Data for analysis —
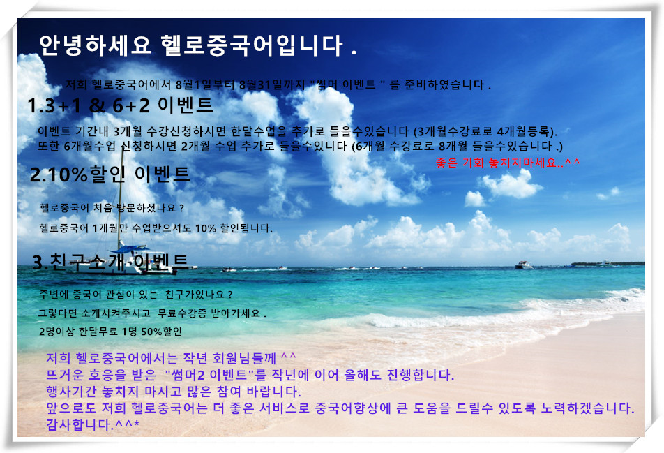 헬로중국어 8월 "썸머 이벤트2 " 진행중
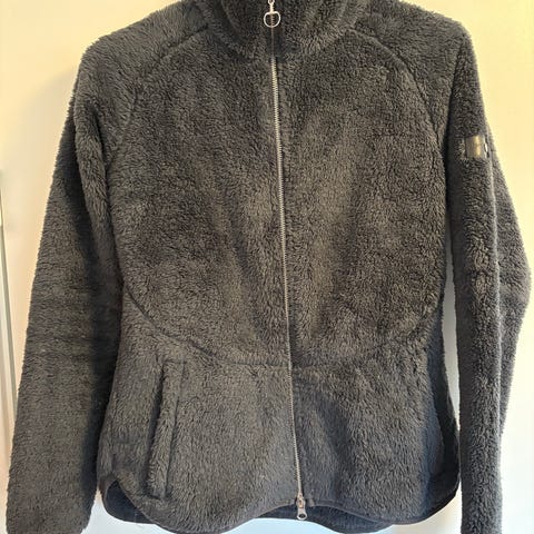 Horze langærmet trøje i sort farve, størrelse S. Trøjen har en kort lynlås foran og er designet til kvinder. Materialet er ikke specificeret, men trøjen har detaljer med mesh på ærmerne.
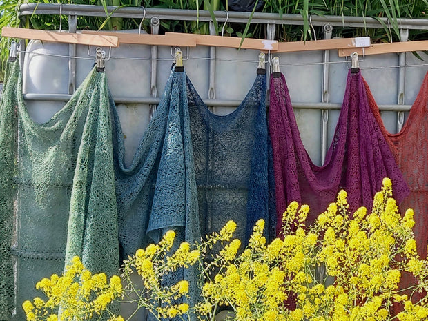 Once finished, the undyed shawls travel directly to our dye studio in County Clare, where they are carefully scoured and coloured using rain-harvested water, slow cold-mordant methods, and pure botanical dyes. The process is gentle on fibre, low-energy, and entirely free from synthetic chemicals or heavy metals.
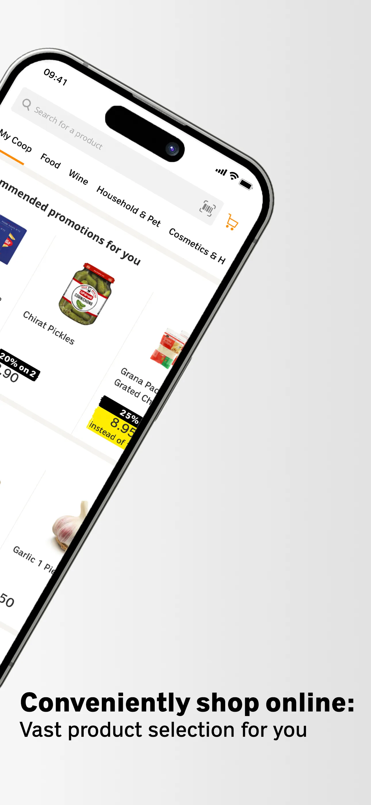 The Coop app offers a comprehensive package of functions that makes your shopping experience as comfortable as possible: order food, beverages and other products conveniently online and receive them when you want, create shopping lists, take advantage of discounts, Superpoint offers and digital coupons, and much more. Download the supermarket app for Coop Switzerland now and enjoy a new way to shop online! Buy food conveniently online with the app Coop's online food shop gives you direct access to our diverse range of products. Take advantage of our food and beverage delivery service and choose a delivery time that suits you. Discover a huge range of products...
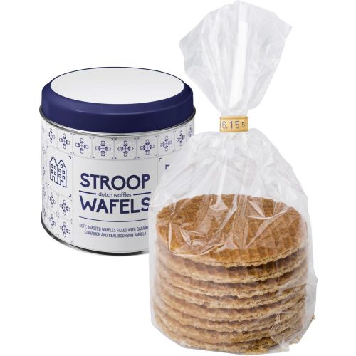 Stroopwafel 'Amsterdam', 8 Stück, in einer Metallbox verpackt, eine niederländische Spezialität bestehend aus zwei Waffeln und Karamellfüllung. Originale holländische Stroopwafels aus natürlichen Zutaten. Zwei Waffeln (8% Butter) und Karamell (50% Sirup) Sirupfüllung. Zubereitet mit natürlichen Zutaten und ohne künstliche Aromen.
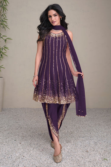 Purple Silk Sequins Work Readymade Short Top With Dhoti Style Patiala Salwar Set
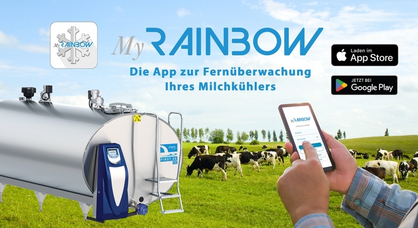 Mit MyRAINBOW behalten Sie Ihren Milchkühler immer im Blick. Passen Sie Ihre Alarme an und erhalten Sie diese per Benachrichtigung, SMS oder E-Mail. MyRAINBOW erstellt Betriebsstatistiken und ermöglicht es Ihnen, den Verlauf der Daten zu speichern.
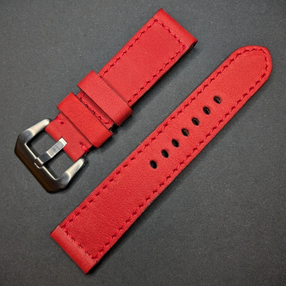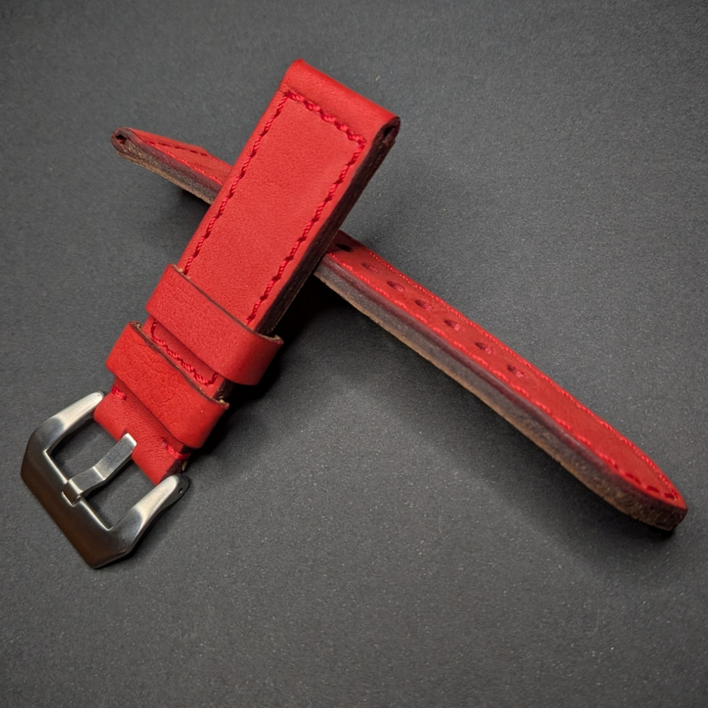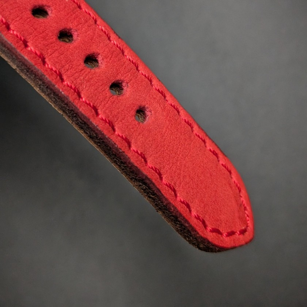 Correa artesanal elaborada en Nobuk de cuero vacuno en color rojo, un tono intenso y elegante que aporta personalidad y un toque distintivo al reloj. Su textura aterciopelada y suavidad al tacto hacen que resulte especialmente cómoda desde el primer día.
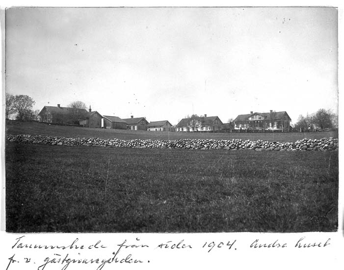 Text på kortet: "Tanumshede från söder 1904. Andra huset fr.v. gästgivaregården".
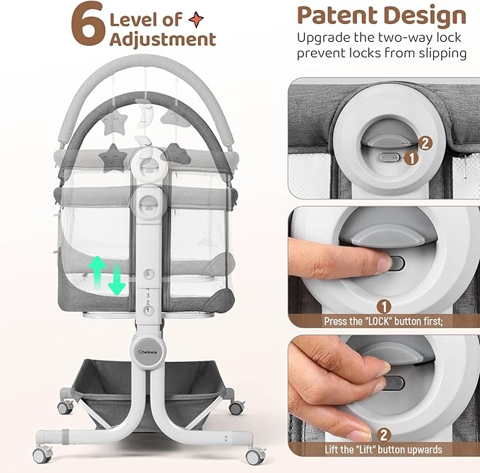 Cowiewie Baby Bassinet 2-1 Beside Sleeper with Wheels & Hanging Toys for Baby Foldable Adjustable Height Portable Bassinets (GREY)
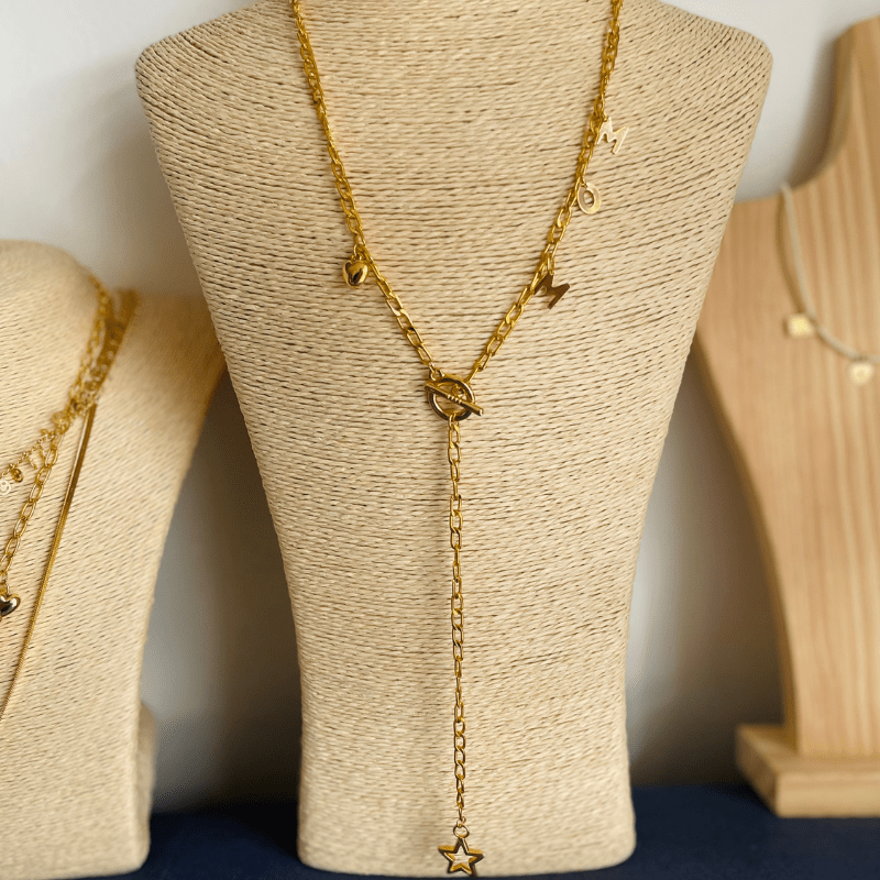 Dale a Mamá un regalo que exprese tu amor eterno con nuestra cadenita dorada en aluminio. Los dijes de letras «Mom», estrella y corazón en oro golfi la harán sentirse especial cada día. Este lindo accesorio no solo añade elegancia a su atuendo, sino que también lleva tus sentimientos cerca de su corazón. Celebra el vínculo madre-hijo con esta joya que captura la belleza y el afecto en cada detalle.

What to produce —
Please copy, exactly and only, the lines of the listing that run from the one holding "från söder 1904." through its last line, and exclude pictures.

Solution to the exercise —
 Text på kortet: "Tanumshede från söder 1904. Andra huset fr.v. gästgivaregården".
 Cowiewie Baby Bassinet 2-1 Beside Sleeper with Wheels & Hanging Toys for Baby Foldable Adjustable Height Portable Bassinets (GREY)
 Dale a Mamá un regalo que exprese tu amor eterno con nuestra cadenita dorada en aluminio. Los dijes de letras «Mom», estrella y corazón en oro golfi la harán sentirse especial cada día. Este lindo accesorio no solo añade elegancia a su atuendo, sino que también lleva tus sentimientos cerca de su corazón. Celebra el vínculo madre-hijo con esta joya que captura la belleza y el afecto en cada detalle.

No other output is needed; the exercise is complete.